Background

Most cases of thyroid cancer are differentiated, with a high five-year survival rate of 90–95% [1, 2]. These patients commonly have total or near-total thyroidectomy followed by radioactive iodine (RAI) ablation and thyroid-stimulation hormone suppression therapy with levothyroxine [3]. In spite of lack of meta-analyses with longer-term follow-up data from RCTs in relation to recurrence rates, US and UK guidelines [4, 5] recommend a low radioactive iodine activity (1.1 GBq) in selected low-risk patients with DTC [6].

For the ablation success rate up to 12 months follow-up (comparing 1.1 GBq vs 3.7 GBq) in patients with DTC there are various meta-analyses with controversial results [7,8,9,10,11,12,13]. Three of these meta-analyses recommend low dose activity [7, 8, 10]: Cheng et al. analyzed 6 RCTs involving 1809 patients. There was no statistically difference in successful ablation (1.1 GBq vs 3.7 GBq radioiodine) (OR 0.91 [95% CI 0.79–1.04]; P = 0.15), and they found with 1.1 GBq significant benefits in reducing adverse effects [7]. Ma et al. included three RCTs (637 patients with DTC). On the basis of diagnostic scans they found no statistically significant differences between 1.1 GBq and 3.7 GBq radioiodine ablation (OR 0.85 [95% CI 0.49–1.47]; P = 0.56) with significant reduction in adverse events [8]. Valachis et al. analyzed eight randomized trials with 1772 patients.

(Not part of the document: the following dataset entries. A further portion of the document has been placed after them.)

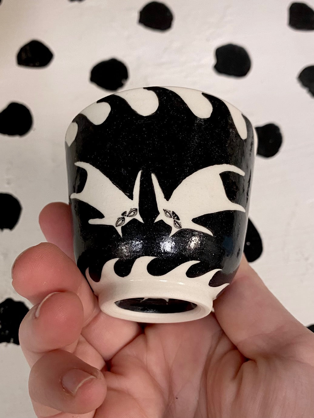 Handmade and hand painted porcelain ceramic mug. Electric fired to cone 6, about 6.5'' tall x 3.25'' wide, holds about 16 ounces, cup holds about 4 ounces. Microwave and dishwasher safe but hand washing is recommended for longevity of use.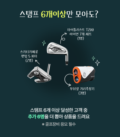 - 스탬프 달성 이벤트는 이벤트 종료일 기준 스탬프 6개 이상 & 골프장비 응모 1건 이상 응모한 고객 대상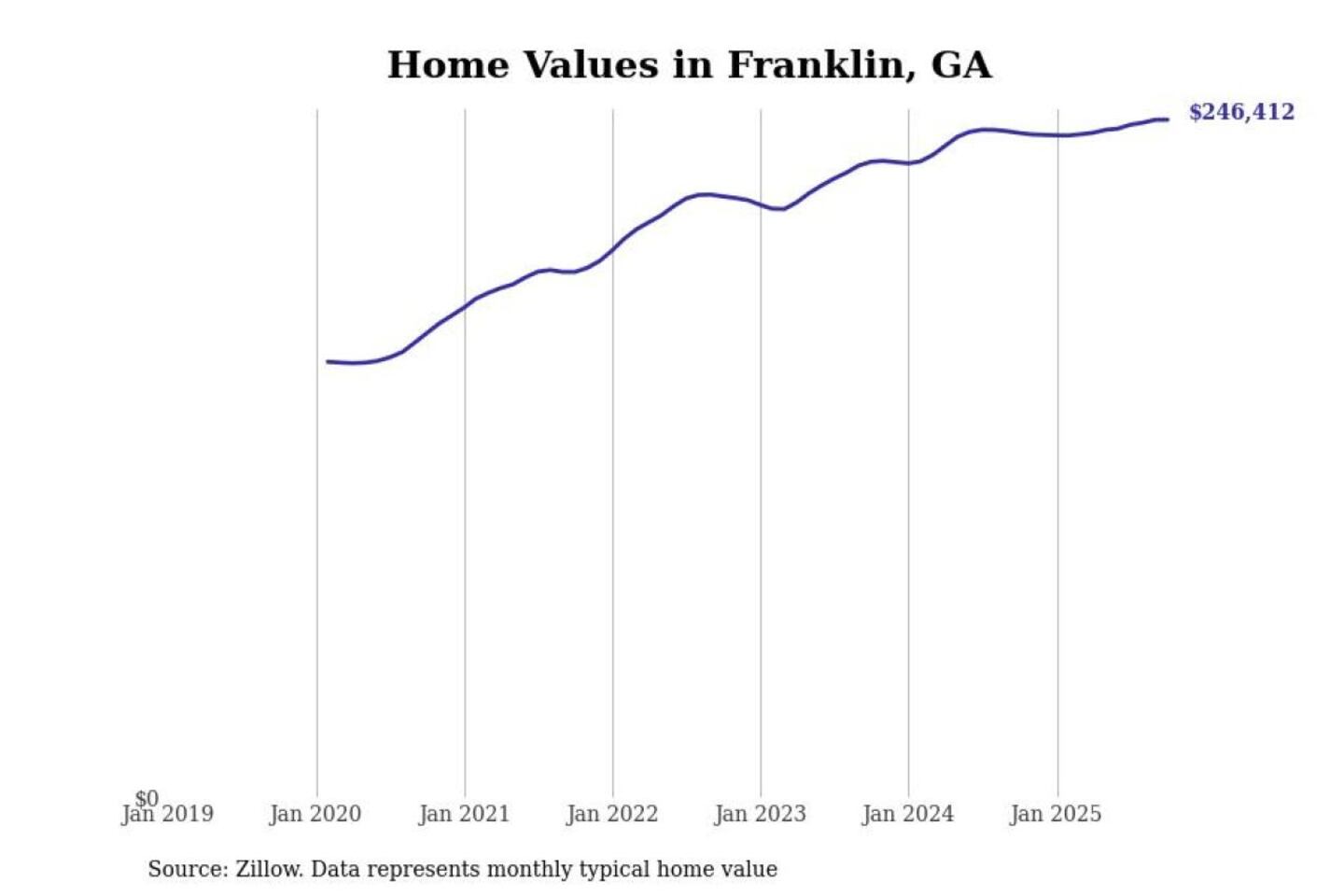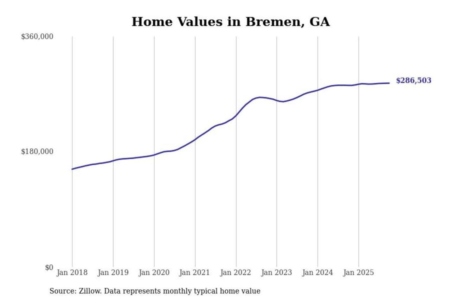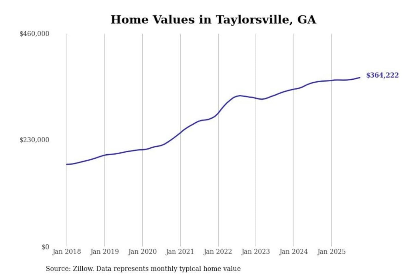 Stacker compiled a list of cities with the most expensive homes in the Atlanta-Sandy Springs-Alpharetta, GA metro area using data from Zillow. Charts show the monthly typical home value since January 2018.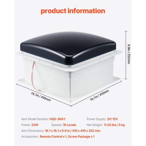 VEVOR Ventilatore di Sfiato per Camper da 35,6 cm 12 V Ventilatore da Tetto per Camper, 10 Velocità con Telecomando, Motore CC Integrato, Coperchio Superiore Elettrico, Pala del Ventilatore da 30,5 cm
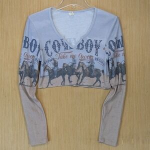 Urban Outfitters Crop Top Womens Large Cowboy Graphic Western Rodeo Y2K Festival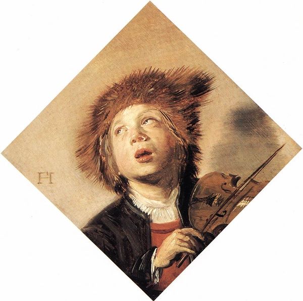 Editor: This is a detail of Frans Hals's "Two Boys Singing," created around 1625 using oil paint. The way he captures the joy of the singing boy with the lute is quite contagious, almost like a snapshot in time. What’s your take on this piece? Curator: Hals captures not just joy, but a specific social performance. Think about the context of the Dutch Golden Age: music was increasingly accessible and participatory. Paintings like this showcased a burgeoning middle class actively engaging in cultural activities, signalling status. The children are likely from well-to-do families. Notice their clothing. Editor: Right, you can tell they aren't poor. I suppose their performance is a show of their upbringing? Curator: Exactly! These are genre paintings, yes, but also subtle endorsements of a particular lifestyle and social order. Consider also how the art market played into this. These images become desirable objects, reinforcing cultural values amongst those who could afford them. How does this revised context affect your initial perception? Editor: It's a lot less spontaneous, more calculated in a way. What looked like a pure expression now seems packaged with social and economic messaging. Curator: Precisely. Hals was masterful in capturing a sense of immediacy, while simultaneously adhering to, or even shaping, the values of his time. It prompts the question of how art continually mediates the relationship between individual expression and societal expectation. Editor: I'm looking at it completely differently now. What appeared innocent is really a complex articulation of identity. Thank you for opening my eyes. Curator: My pleasure. This painting is a reminder that we see with historical eyes. What the artist may have been trying to convey doesn't necessarily dictate the reading a viewer gets now or will get in the future.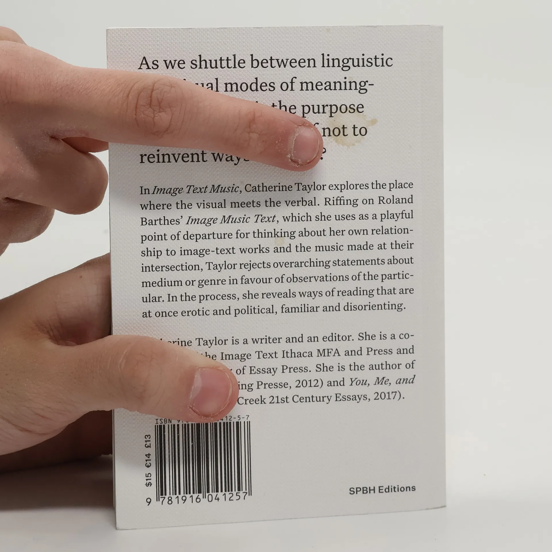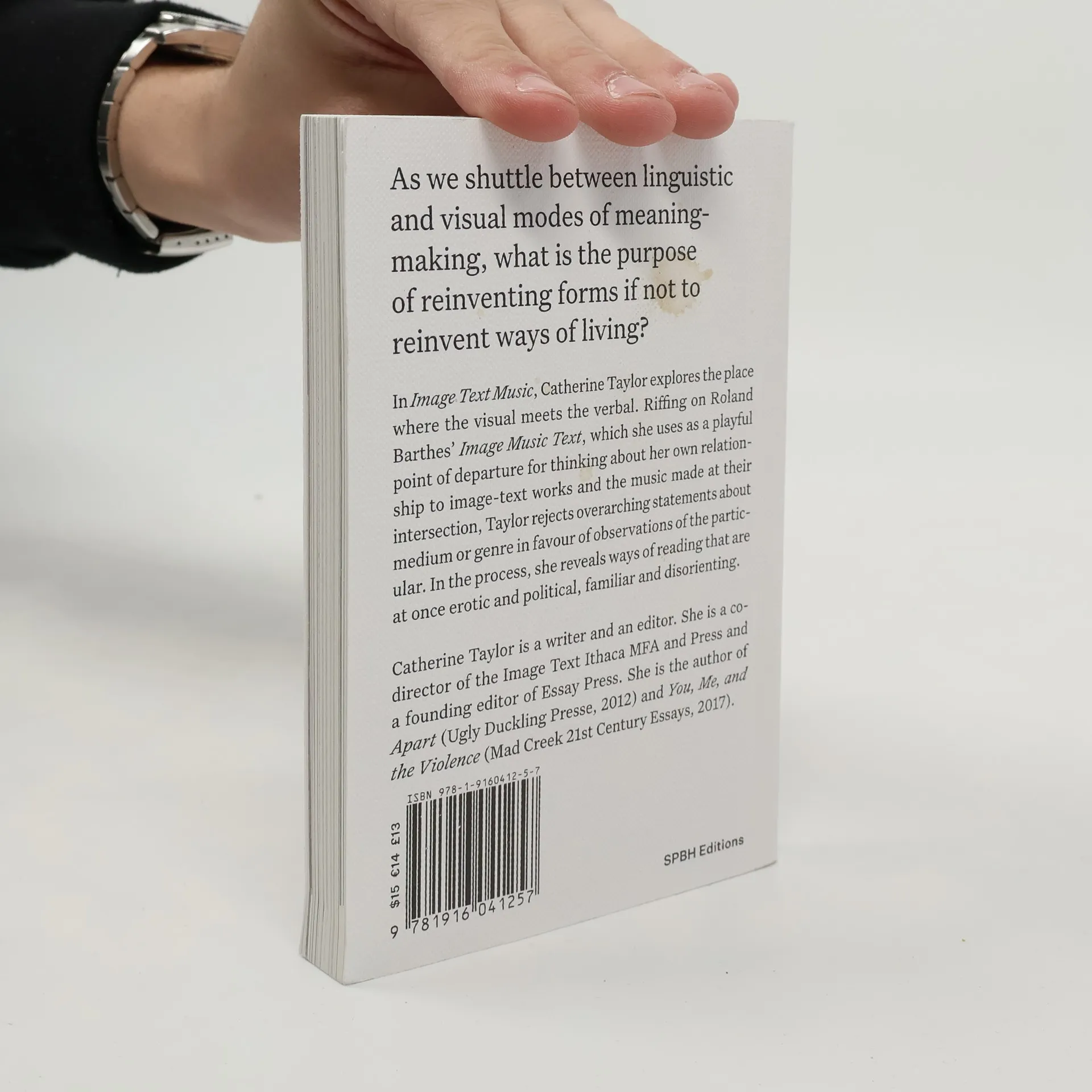 On the unique meaning-making of image-text art In a series of textual and photographic essays, writer and editor Catherine Taylor explores our encounters with the intersection of the visual and the verbal. Taylor riffs on and subverts Roland Barthes' classic 1977 essay collection, Image Music Text, using his title as a playful point of departure for her thinking about the nature of image-text works and the music being made at their intersection. Taylor rejects overarching statements about medium or genre in favor of observing the particular to reveal broader ways of reading that are both familiar and disorientating. These reflections are at once critical and celebratory, dystopian and utopian, investigative and contemplative, didactic and dreamlike. They are imaginings of the world which ask: as we shuttle between linguistic and visual modes of meaning-making, what is the purpose of reinventing forms if not to reinvent ways of living? The author of You, Me, and the Violence, Apart and Giving Birth, Catherine Taylor (born 1964) is a founding editor of Essay Press, and an associate professor in writing at Ithaca College, where she codirects the Image Text MFA. She is also a codirector of ITI Press.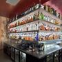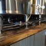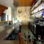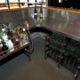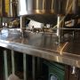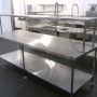 This stainless steel bench extended past the wall space to utilise the room available. It had a heated shelf for plated food.

They reported no statistically difference between 1.1 GBq and 3.7 GBq (risk ratio (RR) 0.94 [95% CI 0.85–1.04]; P = 0.21) [10]. Two of the meta-analyses recommend high dose activity [11, 12]: Song et al. included seventeen RCTs, involving 3737 patients. They showed that ablation with 3.7 GBq had statistically significant higher (11%) successful ablation rate than 1.1 GBq (RR 0.89 [95% CI 0.81–0.97]; P = 0.008) [11]. Shengguang et al. analyzed nine RCTs (with 1769 patients). They found that the ablation success was 5% lower using 1.1 GBq compared with 3.7 GBq (OR 0.95 [95% CI 0.91–0.99]) [12]. Two remaining meta-analyses showed that it cannot be determined whether 1.1 GBq or 3.7 GBq should be used [9, 13]: Hackshaw included three RCTs with 148 patients. The ablation success was not significantly different when using 1.1 GBq compared with 3.7 GBq. They recommend large randomized trials to guide this issue [13]. Fang et al. included seven RCTs; they found no significant differences between 3.7 GBq and 1.1 GBq (RR 0.83 [95% CI 0.68–1.01]) [9].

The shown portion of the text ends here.